How do we practice "allowing"?

Photo: Geoffrey Dunn

At the heart of most philosophical and spiritual traditions is the invitation to “allow”. Sometimes words such as acceptance, submission and surrender are also used in this context. These are fraught words because they have associations of compliance and conformity. For many of us these words may bring sensations of disempowerment.

We do live in times of an intensification of conformity. Recent years have exacerbated division and even words such as community and tribe have taken on connotations of signing-up to ideologies and separating oneself from other ideologies. There is no space and time for nuance and plurality.

In this context “allowing” is an invitation to be approached attentive to the wisdom of the philosophies that hold such an invitation. “Yagna”, which has been narrowly translated as “sacrifice”, is the invitation in ancient Indian dance which goes to the sensation of “allowing”.

Why should we “allow”? What are we invited to “allow”? What is the constellation of “allowing”?

We are invited to invoke the Yagna body because it is a state of being that does not value memory, and accumulated knowledge including of oneself and the past. As such it encounters Reality as moment by moment unfolding. The proposal is that we cannot approach this with the mind because the mind is created from Time, and lives in linear movement of past and futures based on the past. We cannot simply state we divest ourselves of the past, because that is just a thought.

Yagna is ritual movement that allows for body-led experience of Time as the eternally unfolding present. It is both the death of Time and the immortalization of Time in the same movement. Ancient deities like Mahakala, who are invoked in the preparatory rituals of dance, were archetypes that supported this invocation as invocations of the paradox of Time.

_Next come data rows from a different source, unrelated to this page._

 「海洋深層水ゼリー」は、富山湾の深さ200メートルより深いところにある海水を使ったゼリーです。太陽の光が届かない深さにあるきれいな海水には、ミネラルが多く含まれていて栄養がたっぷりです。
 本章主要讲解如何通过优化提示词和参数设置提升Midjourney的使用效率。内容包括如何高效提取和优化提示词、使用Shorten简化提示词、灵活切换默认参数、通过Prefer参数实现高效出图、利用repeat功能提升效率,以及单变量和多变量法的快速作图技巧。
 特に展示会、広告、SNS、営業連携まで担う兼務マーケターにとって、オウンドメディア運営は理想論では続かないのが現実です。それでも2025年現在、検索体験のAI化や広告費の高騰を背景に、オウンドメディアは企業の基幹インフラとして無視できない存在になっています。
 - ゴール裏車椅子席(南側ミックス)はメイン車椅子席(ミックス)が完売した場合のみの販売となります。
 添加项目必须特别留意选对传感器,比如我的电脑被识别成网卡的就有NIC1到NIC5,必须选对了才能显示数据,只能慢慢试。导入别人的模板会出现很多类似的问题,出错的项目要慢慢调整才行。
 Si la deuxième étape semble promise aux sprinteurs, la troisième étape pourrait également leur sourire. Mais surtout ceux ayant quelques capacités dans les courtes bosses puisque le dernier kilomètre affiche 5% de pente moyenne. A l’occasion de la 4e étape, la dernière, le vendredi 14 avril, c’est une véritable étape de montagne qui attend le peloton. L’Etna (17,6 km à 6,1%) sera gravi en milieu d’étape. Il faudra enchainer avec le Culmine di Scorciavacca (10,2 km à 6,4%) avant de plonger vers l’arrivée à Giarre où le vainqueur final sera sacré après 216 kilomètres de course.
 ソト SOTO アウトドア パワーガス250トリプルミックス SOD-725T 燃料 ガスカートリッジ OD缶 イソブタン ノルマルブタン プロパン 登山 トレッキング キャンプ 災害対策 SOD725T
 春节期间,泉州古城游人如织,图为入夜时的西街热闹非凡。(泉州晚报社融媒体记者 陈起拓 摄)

There is nothing other worldly about ancient dance—it is pragmatic, grounded and of this world. Time is Reality. We have a life-Time in the body, this is Reality. Within this embodied finite Time is also the taste of infinity. In this paradoxical experience we taste the complexity and unknowable essence of Reality—Mahakala.

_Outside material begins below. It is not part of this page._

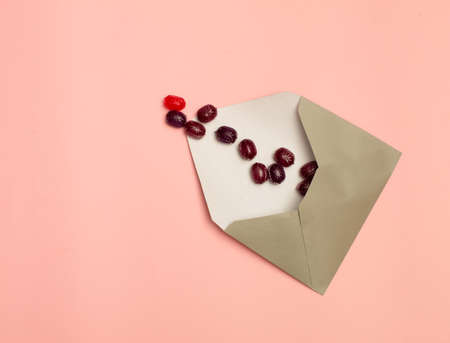 Letter with sweets. Creative concept made of candy and envelopes.
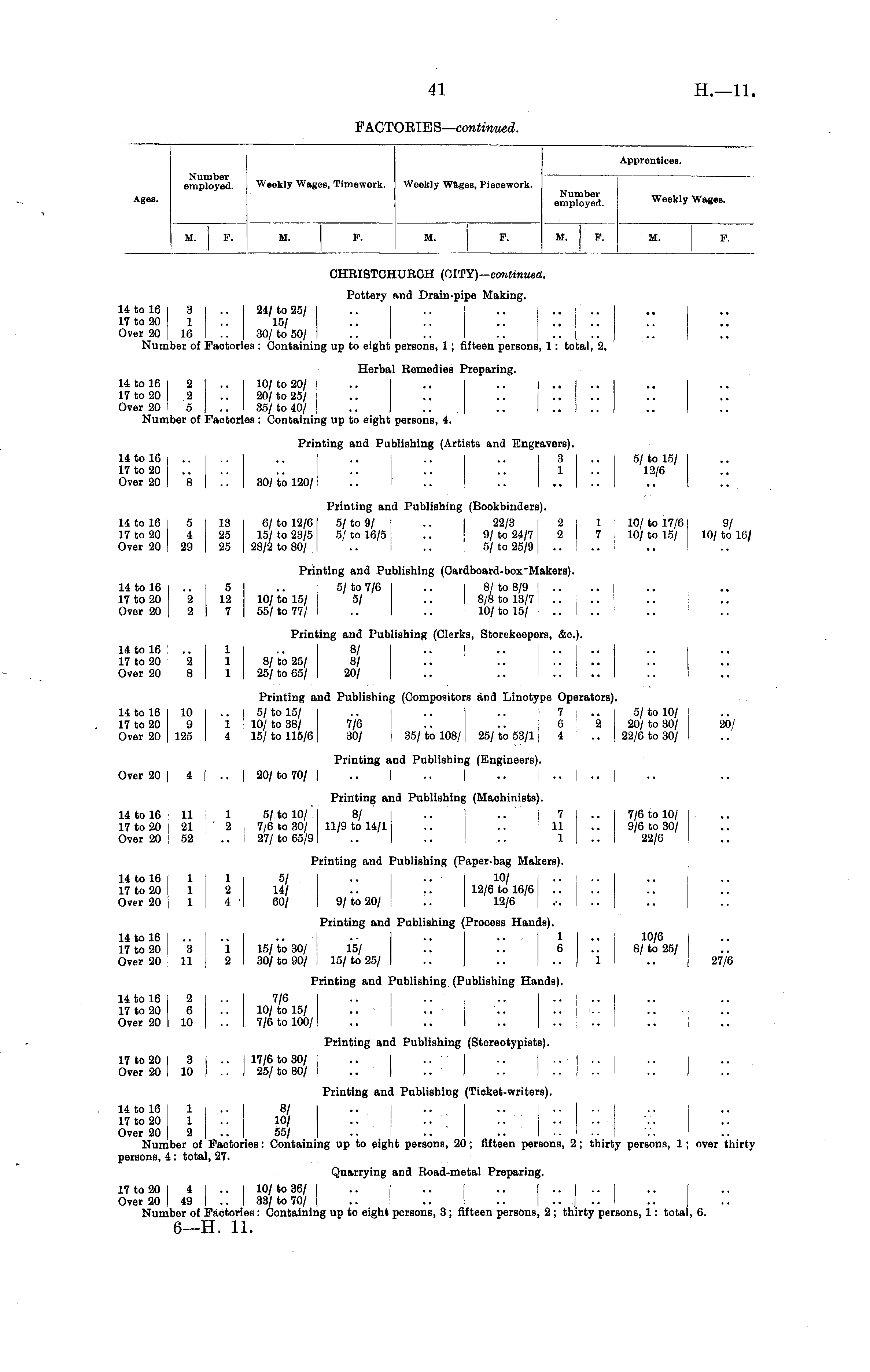 FACTOElBS— continued. Apprentices. Number employed. Weekly Wages, Timework. Weekly Wages, Piecework. Agee. eSpl&ytd. Weekl y w »8«»M. F. M. P. M. P. M. P. M. P. CHRISTOHUROH (OlTY)— continued. Pottery and Drain-pipe Making. 14t016 3 .. 24/t025/ .. .. .. .. I .. 17 to 20 1 15/ .. .. .. .... Over 20 16 .. 30/ to 50/ .. .. .. .. | .. Number of Faotories : Containing up to eight persons, 1 ; fifteen persons, 1: total, 2. Herbal Remedies Preparing. 14 to 16 2 .. I 10/ to 20/ ! 17 to 20 2 .. ! 20/ to 25/ Over 20 ! 5 .. ' 35/ to 40/ Number of Faotories : Containing up to eight persons, 4. Printing and Publishing (Artists and Engravers). 14 to 16 .. .. .. .. .. .. 3 .. 5/ to 15/ 17 to 20 .. .. .. .. .. .. 1 .. 12/6 Over 20 8 .. 30/ to 120/ Printing and Publishing (Bookbinders). 14 to 16 5 13 16/ to 12/6 5/ to 9/ | .. 22/3 | 2 1 j 10/ to 17/6 9/ 17 to 20 4 25 15/ to 23/5 5/ to 16/5 i.. 9/ to 24/71 2 7 j 10/ to 15/ 10/ to 16/ Over 20 29 |25 28/2 to 80/ .. .. 5/ to 25/91 .. Printing and Publishing (Cardboard-box Makers). 14 to 16 .. 5 .. 5/ to 7/6 .. 8/ to 8/9 .. .. .. I 17 to 20 2 12 10/ to 15/ 5/ .. 8/8 to 13/7 Over 20 2 7 55/ to 77/ .. .. I 10/ to 15/ Printing and Publishing (Clerks, Storekeepers, &c). 14 to 16 1 .. 8/ .. .. 17 to 20 2 1 8/ to 25/ 8/ Over 20 8 1 25/ to 65/ 20/ .. .. .. i .. Printing and Publishing (Compositors and Linotype Operators). 14 to 16 10 ' 5/ to 15/ j .. .. .. 7 .. 5/ to 10/ l 17 to 20 9 1 10/ to 38/ 7/6 .. .. 6 2 20/ to 30/ ! 20/ Over 20 125 4 15/ to 115/6 30/ 35/ to 108/ 25/ to 53/1 4 .. i 22/6 to 30/ ; Printing and Publishing (Engineers). Over 20 I 4 I .. I 20/ to 70/ I .. | .. .. .. | .. .. j Printing and Publishing (Machinists). 14 to 16 11 1 5/ to 10/ 8/ .. .. j 7 .. 7/6 to 10/ 17 to 20 21 2 7/6 to 30/ 11/9 to 14/1 .. .. 11 .. 9/6 to 30/ Over 20 52 .. 27/ to 65/9 .. .. .. 1 .. 22/6 Printing and Publishing (Paper-bag Makers). 14 to 16 1 1 5/ .. .. j 10/ .. 1.. 17 to 20 1 2 14/ .. .. 12/6 to 16/6 Over 20 1 4 [ 60/ 9/to 20/ .. 12/6 .-. 1.. Printing and Publishing (Process Hands). 14 to 16 .. .. .. .- .. .. 1 .. 10/6 I 17 to 20 3 1 15/ to 30/ 15/ .. .. 6 .. 8/ to 25/ ! Over 20 11 2 30/ to 90/ : 15/ to 25/ .. .. .. 1 .. | 27/6 Printing and Publishing (Publishing Hands). 14 to 16 2 7/6 .. .. .. .. ! .. 17 to 20 6 .. 10/ to 15/ Over 20 10 .. 7/6 to 100/ Printing and Publishing (Stereotypists). 17 to 20 3 .. 17/6 to 30/ .. .. .. .. .. I Over 20 10 .. 25/ to 80/ ■ Printing and Publishing (Tioket-writers). 14 to 16 1 .. 8/ 17 to 20 1 .. 10/ .. .. .. .... Over 20 2 55/ .. .. .. .. I .. Number of Faotories: Containing up to eight persons, 20; fifteen persons, 2; thirty persons, 1 ; over thirty persons, 4 : total, 27. Quarrying and Road-metal Preparing. 17 to 20 4 I .. 10/ to 36/ Over 20 49 1.. 33/ to 70/ Number of Factories : Containing up to eight persons, 3 ; fifteen persons, 2 ; thirty persons, 1 : total, 6. 6—H. 11.

And Mahakala is vital to divest ourselves of the Hubris which is the essence of our mechanistic approach to Reality.

What do we “allow”? Some of the above reflections go towards this question already—we “allow” an encounter with Reality in its fullness of unknowability and mystery. We “allow” Reality to move us rather than the illusion that we manage and control Reality.

The most important sensation of “allowing” in the body is flow. Flow has become a pop-culture word largely implying smoothness and slowness. However, in dance flow simply means connections between movements. The dynamic of this connection will vary depending on the movements we wish to connect. It is like a river that flows over varying terrains and sometimes meanders, sometimes waterfalls, and sometime rushes. It is flow that connects seemingly disparate dimensions of Reality. Whereas our minds consider dualities as separation, flow in dance is about how our body holds the intelligence of connection when we get out of the way.

In a ritual archetypal dance, flow is invited between paradoxical sensations held in the space of the Deity. We do not explore flow at a personal story level—for we have left our personal narratives at the beginning of Yagna as the past.

What is the constellation of “allowing”? The Yagna ritual is archetypal invocation. It is not to be instrumentalised because any instrumental intention taints the ritual with the known and the past. We “allow” the invocation of the archetypes to reveal through the multi-sensorial body, the wisdom of infinite presence as Reality. This is not a realm for words because it is not the domain of the known and the knowable. However, the unique and essential invitation of dance as Yagna is the necessity of expression.

Yagna is not a movement towards interiority or introversion. Rather the invocation must be expressed, the Deities must dance, and the Rasa or sensation-wisdom that emerges must be shared amongst those who “allow” the receiving.

So why is Yagna translated as “sacrifice”? The sacrifice in Yagna is of our Hubris. And this is no easy ask and is to be honoured in our consciousness with the ferocity is requires. In ancient traditions we see images of the warriors offering their heads as sacrifice to the Goddess as symbolic of Yagna. Such is the ferocity of leaving the past and the known.

At the same time, Yagna is drenched in benevolence and heart. And this blooms when we have sacrificed the self-interest of our Hubris. The Deities and the gifts of their intelligence are of the nature of sensations—desire, fear, wonder and compassion. Without self-interest, when we invoke Yagna, we encounter the Divine as Reality, and as the everyday, moment by moment dance of our life-Time.